» **EXERCISE DIRECTIONS**: Leaving the pictures aside, write out the whole listing below exactly.

» **DATASET RECORDS**:

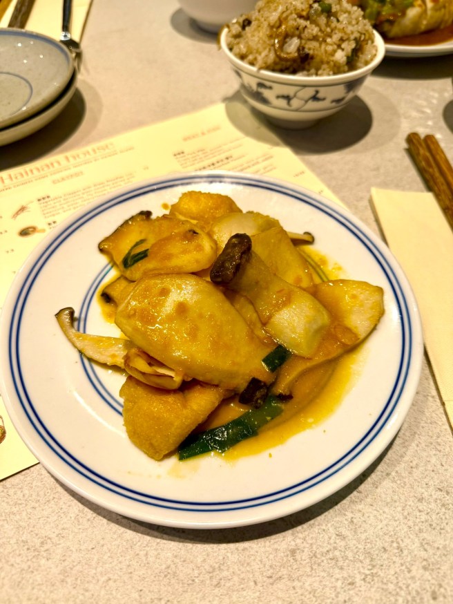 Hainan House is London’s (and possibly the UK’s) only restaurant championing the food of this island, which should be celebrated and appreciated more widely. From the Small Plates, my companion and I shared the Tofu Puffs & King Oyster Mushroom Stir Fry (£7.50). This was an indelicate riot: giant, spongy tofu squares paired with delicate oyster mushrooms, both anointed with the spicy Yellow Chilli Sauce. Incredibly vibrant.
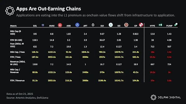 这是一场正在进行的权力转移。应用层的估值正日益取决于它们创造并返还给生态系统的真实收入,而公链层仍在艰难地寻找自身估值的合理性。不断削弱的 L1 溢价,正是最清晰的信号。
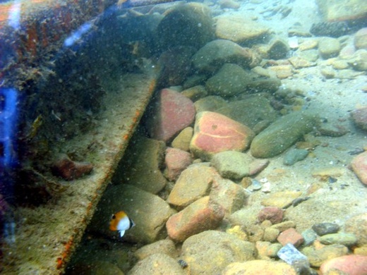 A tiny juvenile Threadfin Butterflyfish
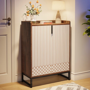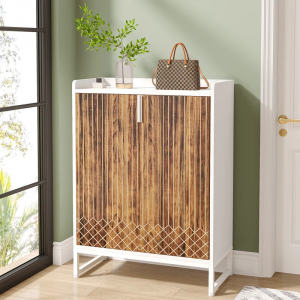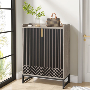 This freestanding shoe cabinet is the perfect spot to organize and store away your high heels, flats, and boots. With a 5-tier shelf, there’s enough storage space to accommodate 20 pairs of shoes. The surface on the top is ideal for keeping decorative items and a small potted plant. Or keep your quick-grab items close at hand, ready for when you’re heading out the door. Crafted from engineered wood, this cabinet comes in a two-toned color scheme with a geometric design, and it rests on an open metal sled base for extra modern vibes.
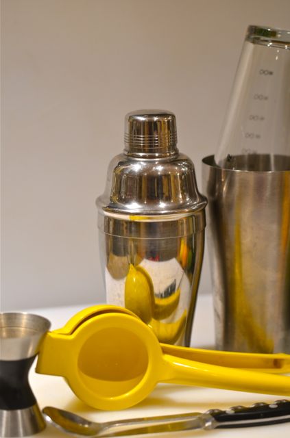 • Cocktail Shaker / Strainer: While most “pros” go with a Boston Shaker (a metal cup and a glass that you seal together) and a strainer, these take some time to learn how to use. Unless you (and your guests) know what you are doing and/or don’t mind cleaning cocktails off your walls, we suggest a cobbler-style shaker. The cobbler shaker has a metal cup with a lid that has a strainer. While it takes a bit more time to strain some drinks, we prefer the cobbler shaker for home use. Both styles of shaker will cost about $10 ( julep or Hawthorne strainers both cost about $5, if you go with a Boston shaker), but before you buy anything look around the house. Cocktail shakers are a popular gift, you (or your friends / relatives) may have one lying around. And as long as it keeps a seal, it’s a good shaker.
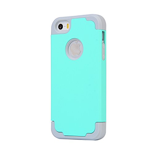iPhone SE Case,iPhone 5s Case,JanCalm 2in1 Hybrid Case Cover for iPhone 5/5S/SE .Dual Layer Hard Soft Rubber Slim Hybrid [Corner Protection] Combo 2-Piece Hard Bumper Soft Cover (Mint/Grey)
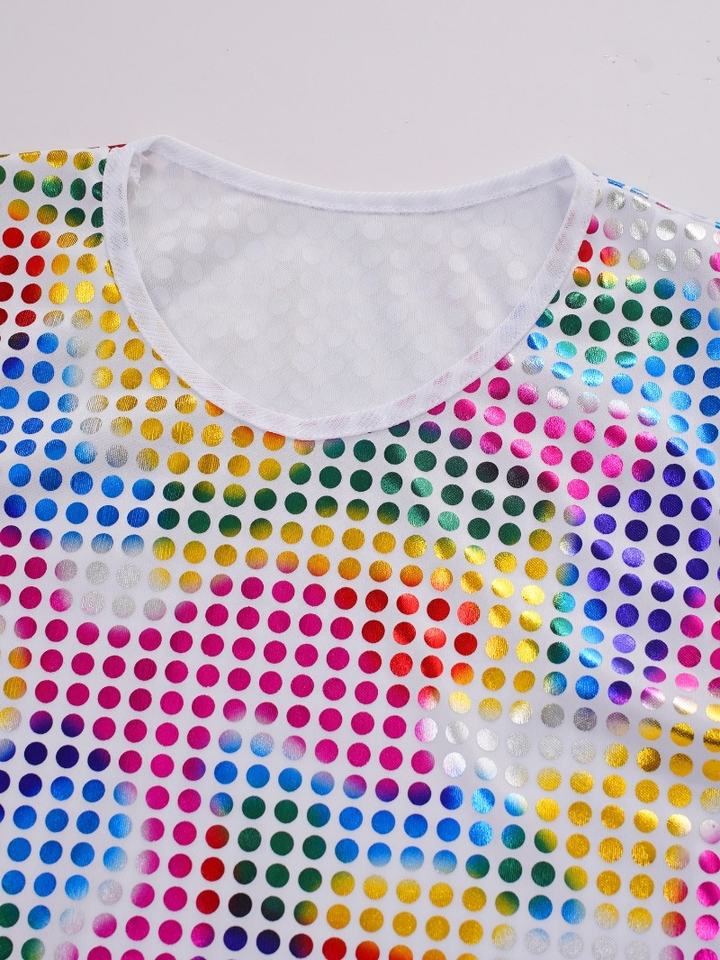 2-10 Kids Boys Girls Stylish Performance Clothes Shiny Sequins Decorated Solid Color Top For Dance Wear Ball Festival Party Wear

» **ANSWER**:
 Hainan House is London’s (and possibly the UK’s) only restaurant championing the food of this island, which should be celebrated and appreciated more widely. From the Small Plates, my companion and I shared the Tofu Puffs & King Oyster Mushroom Stir Fry (£7.50). This was an indelicate riot: giant, spongy tofu squares paired with delicate oyster mushrooms, both anointed with the spicy Yellow Chilli Sauce. Incredibly vibrant.
 这是一场正在进行的权力转移。应用层的估值正日益取决于它们创造并返还给生态系统的真实收入,而公链层仍在艰难地寻找自身估值的合理性。不断削弱的 L1 溢价,正是最清晰的信号。
 A tiny juvenile Threadfin Butterflyfish
 This freestanding shoe cabinet is the perfect spot to organize and store away your high heels, flats, and boots. With a 5-tier shelf, there’s enough storage space to accommodate 20 pairs of shoes. The surface on the top is ideal for keeping decorative items and a small potted plant. Or keep your quick-grab items close at hand, ready for when you’re heading out the door. Crafted from engineered wood, this cabinet comes in a two-toned color scheme with a geometric design, and it rests on an open metal sled base for extra modern vibes.
 • Cocktail Shaker / Strainer: While most “pros” go with a Boston Shaker (a metal cup and a glass that you seal together) and a strainer, these take some time to learn how to use. Unless you (and your guests) know what you are doing and/or don’t mind cleaning cocktails off your walls, we suggest a cobbler-style shaker. The cobbler shaker has a metal cup with a lid that has a strainer. While it takes a bit more time to strain some drinks, we prefer the cobbler shaker for home use. Both styles of shaker will cost about $10 ( julep or Hawthorne strainers both cost about $5, if you go with a Boston shaker), but before you buy anything look around the house. Cocktail shakers are a popular gift, you (or your friends / relatives) may have one lying around. And as long as it keeps a seal, it’s a good shaker.
iPhone SE Case,iPhone 5s Case,JanCalm 2in1 Hybrid Case Cover for iPhone 5/5S/SE .Dual Layer Hard Soft Rubber Slim Hybrid [Corner Protection] Combo 2-Piece Hard Bumper Soft Cover (Mint/Grey)
 2-10 Kids Boys Girls Stylish Performance Clothes Shiny Sequins Decorated Solid Color Top For Dance Wear Ball Festival Party Wear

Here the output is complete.